DATA EXTRACT
-*-
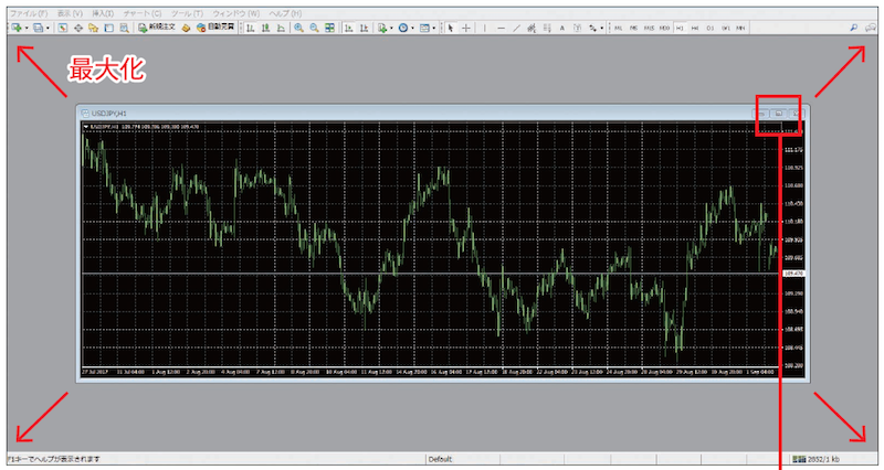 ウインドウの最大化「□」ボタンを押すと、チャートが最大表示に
-*-
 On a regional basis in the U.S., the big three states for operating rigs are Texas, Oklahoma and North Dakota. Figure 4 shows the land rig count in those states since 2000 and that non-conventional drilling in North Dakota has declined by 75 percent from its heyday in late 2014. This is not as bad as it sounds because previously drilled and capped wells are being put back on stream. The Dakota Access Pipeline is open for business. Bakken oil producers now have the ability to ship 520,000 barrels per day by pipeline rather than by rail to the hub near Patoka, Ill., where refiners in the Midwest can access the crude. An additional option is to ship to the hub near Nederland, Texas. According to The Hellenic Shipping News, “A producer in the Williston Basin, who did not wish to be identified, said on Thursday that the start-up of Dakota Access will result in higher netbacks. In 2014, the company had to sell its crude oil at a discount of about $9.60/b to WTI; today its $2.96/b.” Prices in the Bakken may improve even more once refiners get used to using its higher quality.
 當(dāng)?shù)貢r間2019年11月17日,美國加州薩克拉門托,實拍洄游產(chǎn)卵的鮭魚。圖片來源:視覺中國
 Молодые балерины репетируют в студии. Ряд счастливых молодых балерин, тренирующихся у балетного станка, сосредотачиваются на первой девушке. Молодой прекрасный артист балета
-*-
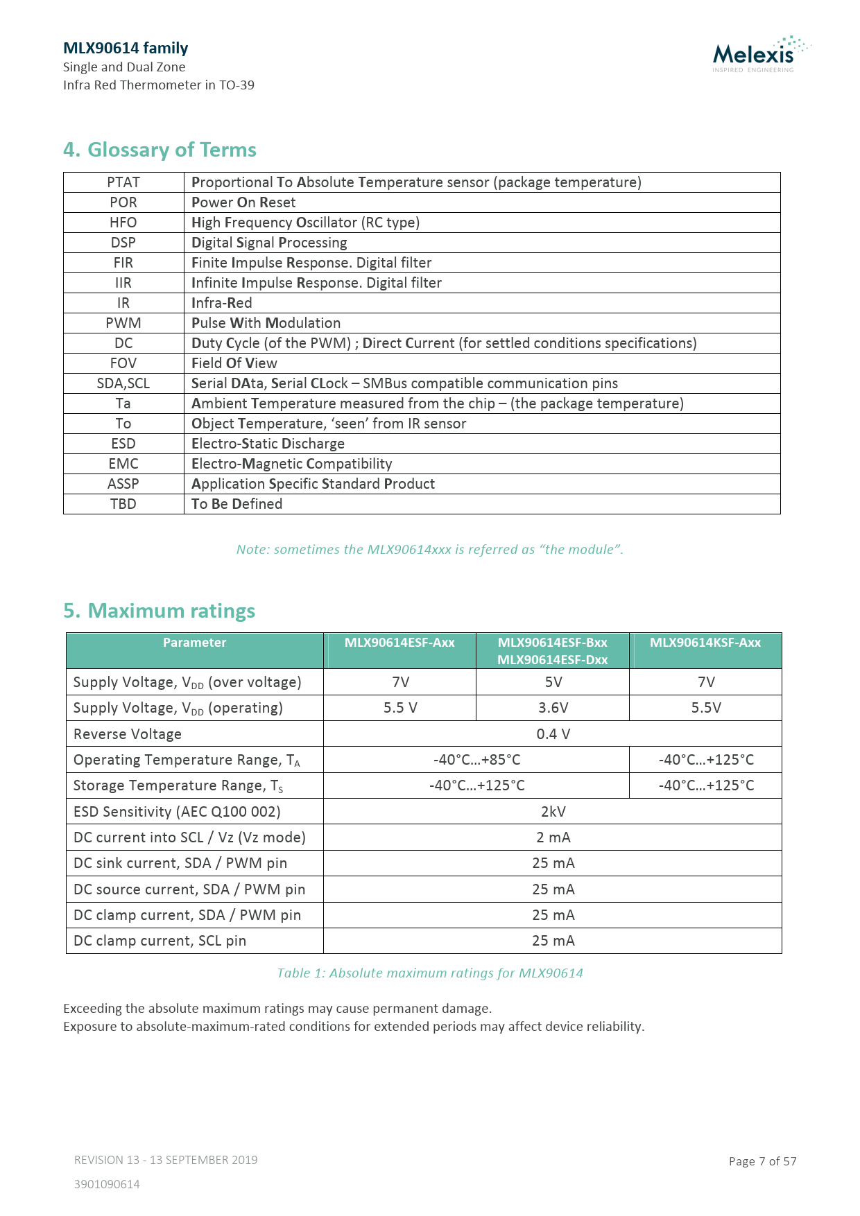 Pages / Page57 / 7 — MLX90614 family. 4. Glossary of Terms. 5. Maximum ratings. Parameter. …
-*-
WORK TASK
Which lines above run from the one containing "當(dāng)?shù)貢r" to the one containing "Молодые балерины репетируют"? Give them again exactly, both ends included.

REPLY
 當(dāng)?shù)貢r間2019年11月17日,美國加州薩克拉門托,實拍洄游產(chǎn)卵的鮭魚。圖片來源:視覺中國
 Молодые балерины репетируют в студии. Ряд счастливых молодых балерин, тренирующихся у балетного станка, сосредотачиваются на первой девушке. Молодой прекрасный артист балета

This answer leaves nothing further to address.